EU - The European Parliament and the Council have reached a provisional agreement on the outstanding issues concerning the proposal for a regulation on animal health law.
The informal agreement was reached this week by Members of the European Parliament (MEPs), the Latvian Presidency of the Council of Ministers and the European Commission.
The draft EU law, on diseases that are transmissible among animals and potentially to humans too, will merge and update many scattered items of old legislation, so as to help prevent and halt new outbreaks and keep pace with scientific progress.
The regulation is expected to be formally adopted before the end of 2015, after the final procedures including the legal-linguistic revision of the text, are completed. It will become applicable 5 years after its entry into force.
"After 40 years of fighting for animals in Europe, I can finally see the finishing line.
"This law will be an important toolbox for the future", said Norwegian MEP Marit Paulsen, who steered the legislation through the Parliament and headed Parliament's negotiating team.

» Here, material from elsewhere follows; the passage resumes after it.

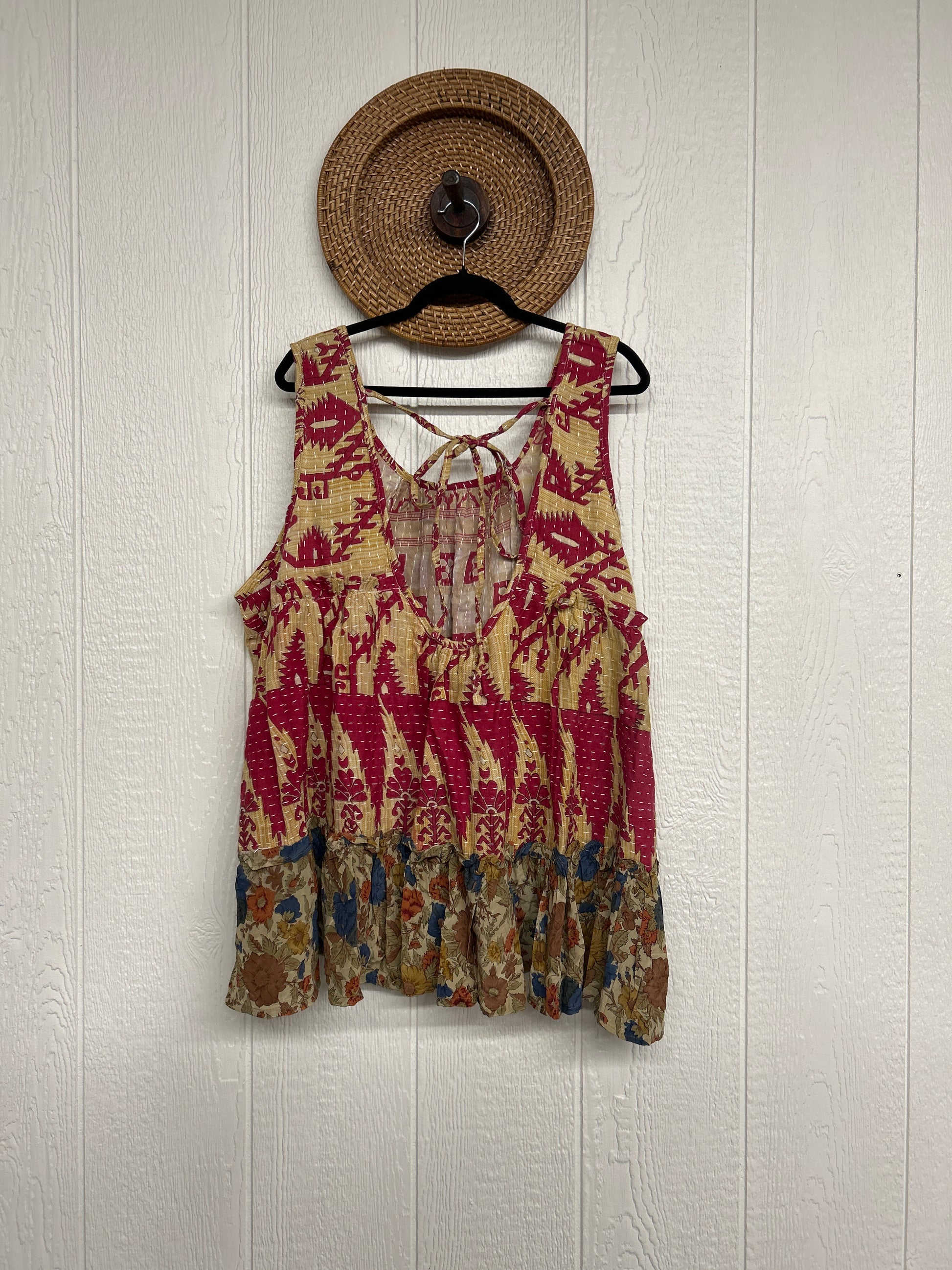 Made from a dreamy combo of our ultra lux cotton kantha stitch sari and crepe silk sari, the Mystic Tunic features a tie back on the shoulder to make it fully customizable.

"The new Animal Health Law will establish the first ever link between animal welfare and public health in EU law, and will be an important tool for fighting antimicrobial resistance in humans, animals and the environment."
The new rules will put more emphasis on prevention, in line with Parliament's long-standing position.
All farmers and other animal owners and traders will be obliged to apply the principles of good animal husbandry and a prudent, responsible use of veterinary medicines.
"This would make it considerably more difficult to use antimicrobials as an "umbrella" to cover bad animal husbandry in the future," said Ms Paulsen.
As a part of the deal, the Parliament, the Commission and the Council issued a joint statement calling on EU member states "to collect relevant, comparable and sufficiently detailed data on the actual use of antimicrobial medicinal products in animals and to send such data to the Commission”, which should then publish them regularly.
To tackle emerging diseases that could have a “highly significant impact” on public health, agricultural production or animal welfare and health, the law will empower the Commission to take urgent measures immediately.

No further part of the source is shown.